Source data
# # # # #
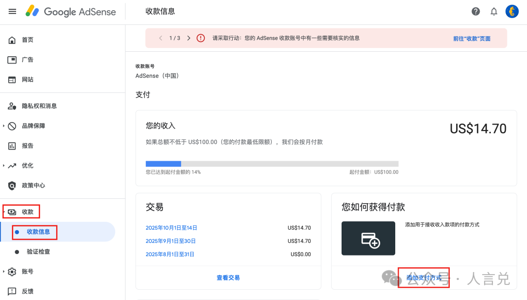 此时访问 AdSense 后台可以看到「收款信息」页面上多了一个「您如何获得付款」的卡片:
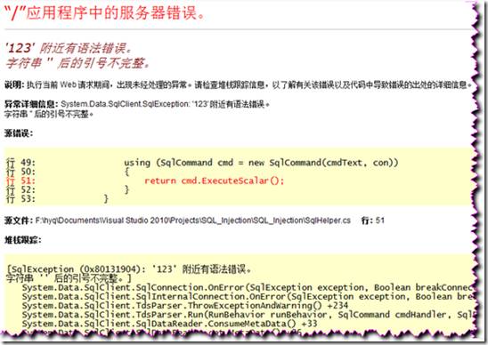 所谓SQL注入式攻击,就是攻击者把SQL命令插入到Web表单的输入域或页面请求的查询字符串,欺骗服务器执行恶意的SQL命令。在某些表单中,用户输入的内容直接用来构造(或者影响)动态SQL命令,或作为存储过程的输入参数,这类表单特别容易受到SQL注入式攻击。
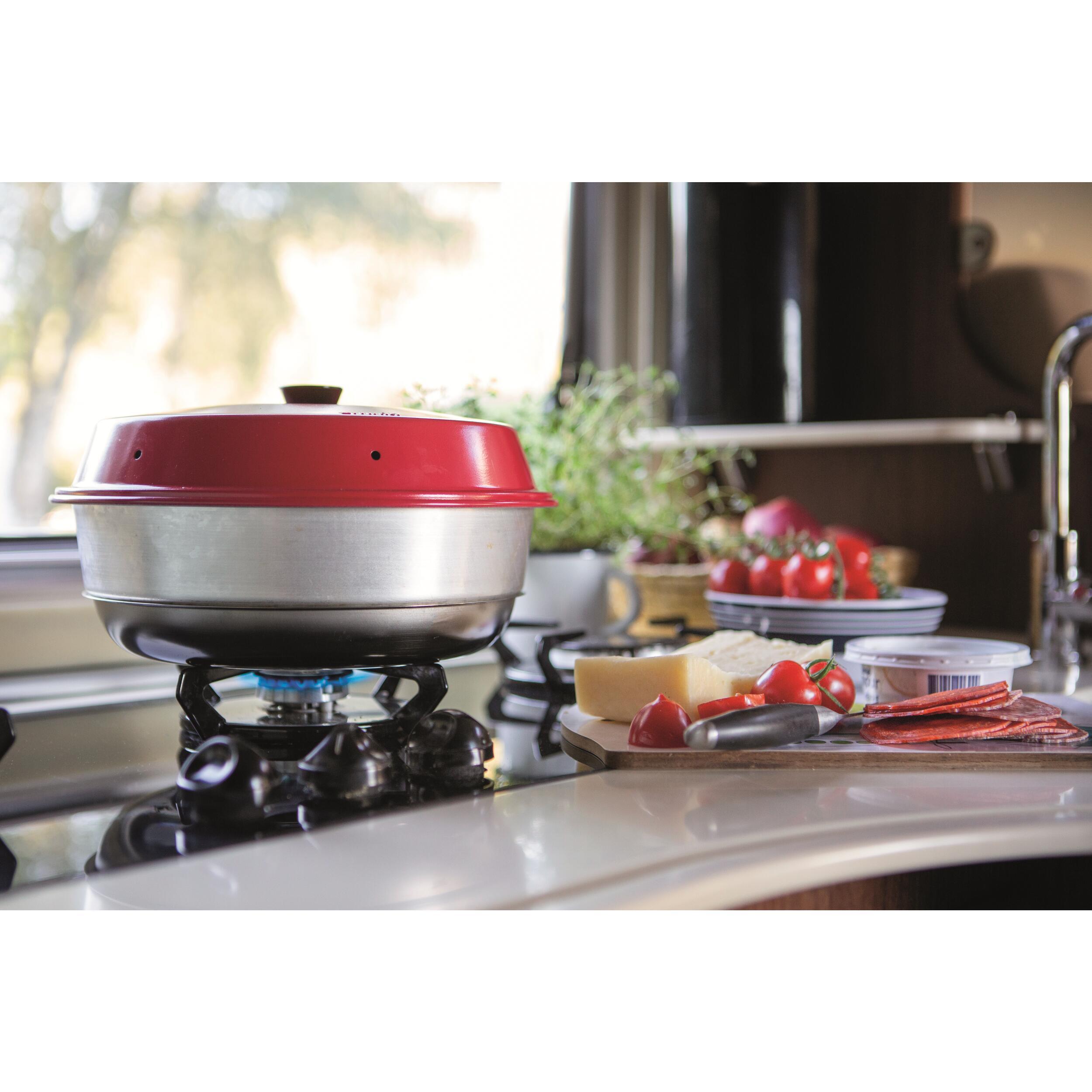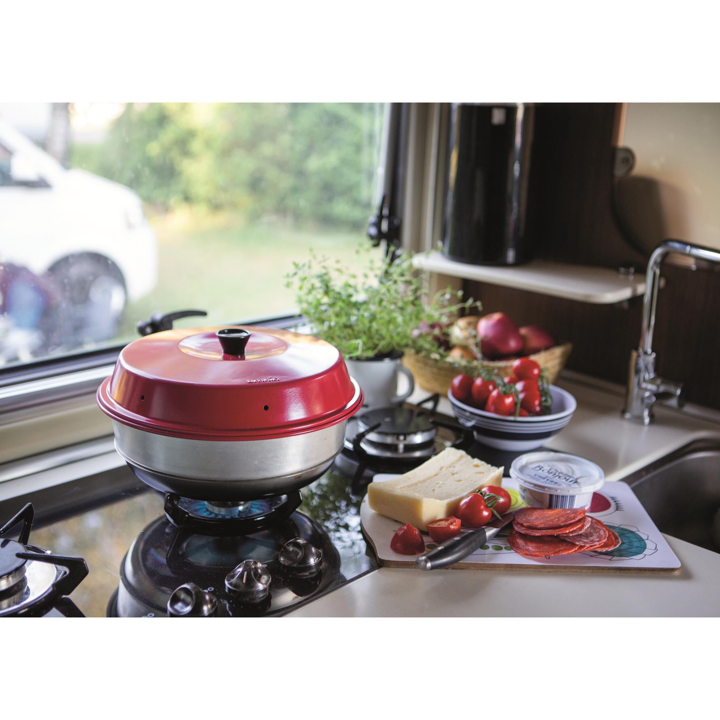 Le mini four portable fonctionne très facilement sur votre réchaud à gaz de camping ou sur des plaques de cuisson. Il est compatible avec tous feux sauf induction. En revanche, la puissance varie selon la cuisinière que vous possédez. Il est important d'adapter la chaleur en fonction.
# # # # #
About this exercise
Only the lines from the top of the data through the line with "所谓SQL注入式攻击,就是攻" should be quoted, exactly and with both ends kept; skip the pictures.

Exercise result
 此时访问 AdSense 后台可以看到「收款信息」页面上多了一个「您如何获得付款」的卡片:
 所谓SQL注入式攻击,就是攻击者把SQL命令插入到Web表单的输入域或页面请求的查询字符串,欺骗服务器执行恶意的SQL命令。在某些表单中,用户输入的内容直接用来构造(或者影响)动态SQL命令,或作为存储过程的输入参数,这类表单特别容易受到SQL注入式攻击。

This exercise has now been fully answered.